It can also be presumed that the Albanians did not live in Dalmatia, because the Latin influence over Albanian is of Balkan Romance (that evolved into Romanian) origin, rather than of Dalmatian origin. This Balkan Romance influence includes Latin words exhibiting idiomatic expressions and changes in meaning found only in Romanian and not in other Romance languages. Adding to this the words common only to Albanian and Romanian, it may be assumed that Romanians and Albanians lived in close proximity at one time. Generally, the areas where this might have happened are considered to be regions varying from Transylvania, Eastern Serbia (the region around Naissus), Kosovo and Northern Albania.
However, most agricultural terms in Romanian are of Latin origin, but not the terms related to city activities — indicating that Romanians were an agricultural people in the low plains, as opposed to Albanians, who were originally shepherds in the highlands.
Some scholars even explain the gap between the Bulgarian and Serbian languages by postulating an Albanian-Romanian buffer-zone east of the Morava river. Although an intermediary Serbian dialect exists, it was formed only later, after the Serbian expansion to the east.
Another argument that sustains a northern origin of the Albanians is the relatively small number of words of Greek origin, although Southern Illyria was under the influence of Greek/Byzantine civilization and language, especially after the breakdown of the Roman Empire.
References to early peoples of uncertain ethnic identity
In the 2nd century BC, the History of the World written by Polybius, mentions a city named Arbon in present day central Albania. The people who lived there were called Arbanios and Arbanitai.
In the 1st century AD, Pliny mentions an Illyrian tribe named Olbonenses.
In the 2nd century AD, Ptolemy, the geographer and astronomer from Alexandria, drafted a map of remarkable significance for the history of Illyria. This map shows the city of Albanopolis (located south of Durrës). Ptolemy also mentions the Illyrian tribe named Albanoi, who lived around this city.

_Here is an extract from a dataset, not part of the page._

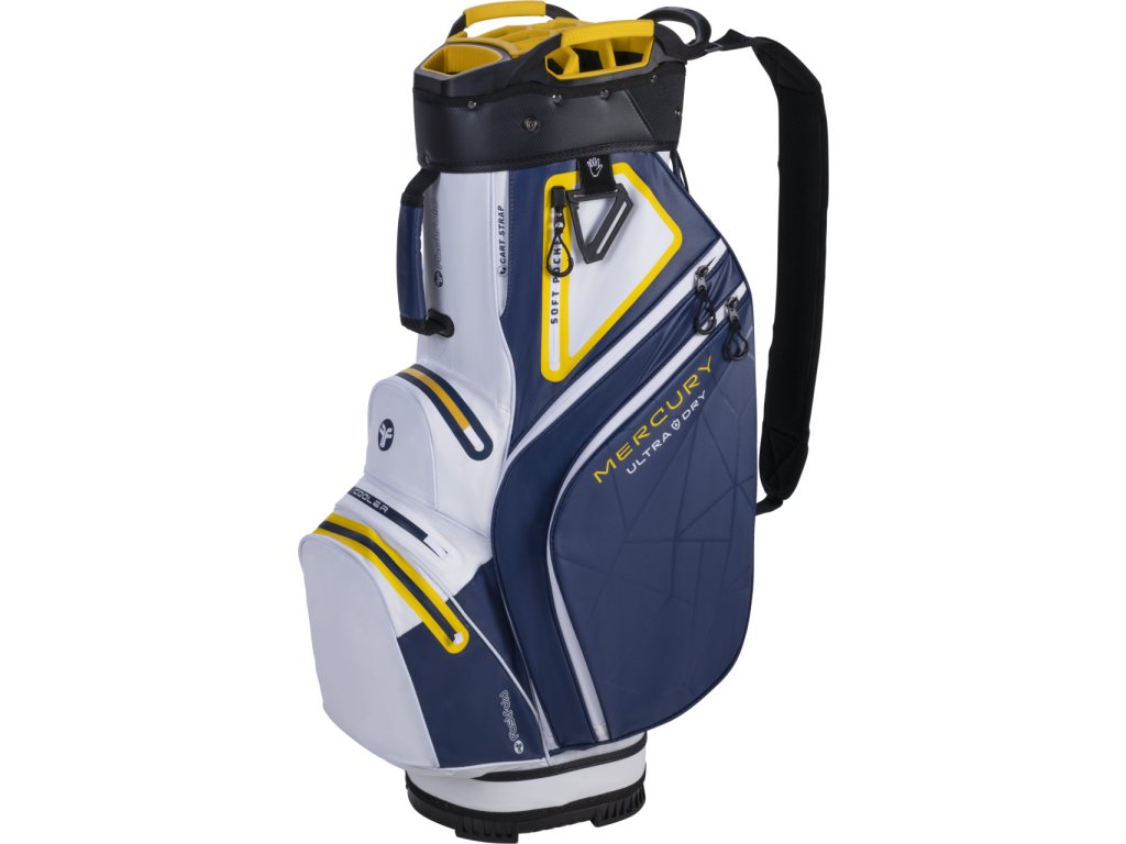 Cartbag Fastfold Mercury udržuje vaši výbavu organizovanou díky 15-cestnému organizéru, přihrádce na putter a 10 kapsám, včetně vodotěsné kapsy na cennosti a chladicí kapsy.

Undisputed references to Albanians
The first undisputed mention of the ancestors of modern Albanians seems to be in the form of Arbanitai of Arbanon in an account by Anna Comnena of the troubles in that region during the reign of her father Alexius I Comnenus (1081-1118) by the Normans. (The Alexiad, 4)
In History written in 1079-1080, Byzantine historian Michael Attaliates referred to the Albanoi as having taken part in a revolt against Constantinople in 1043 and to the Arbanitai as subjects of the duke of Dyrrachium.
1285 in Dubrovnik (Ragusa) a sizeable Albanian community had existed for some time. In the investigation of a robbery in the house of Petro del Volcio of Belena (now Prati), a certain Matthew, son of Mark of Mançe, who appears to have been witness to the crime, states: "Audivi unam vocem clamantem in monte in lingua albanesca" (I heard a voice crying in the mountains in the Albanian language).
The word Shqipetar by which Albanians today refer to themselves was recorded for the first time in the 14th century, and it appears to have originally been a family name in the city of Berat.
The first known use of the word Albanian to refer to them was in 1595 by Marco Gini.
The three chief candidates considered by historians are Illyrian, Dacian, or Thracian, though there were other non-Greek groups in the ancient Balkans, including Paionians (who lived north of Macedon) and Agrianians. The Illyrian language and the Thracian language are generally considered to have been on different Indo-European branches. Not much is left of the old Illyrian, Dacian or Thracian tongues, making it difficult to match Albanian with them.
There is debate whether the Illyrian language was a Centum or Satem language. Some evidence suggests that it was centum, but it is not conclusive. It is also uncertain whether Illyrians spoke a homogeneous language or rather a collection of different but related languages that were wrongly considered the same language by ancient writers. The same is sometimes said of the Thracian language. For example, based on the toponyms and other lexical items, Thracian and Dacian were probably different but related languages. In the early half of the 20th century, many scholars thought that Thracian and Illyrian were one language branch, but due to the lack of evidence, most linguists are skeptical and now reject this idea, and usually place them on different branches. The Messapian language is often included as an Illyrian language, but this is disputed.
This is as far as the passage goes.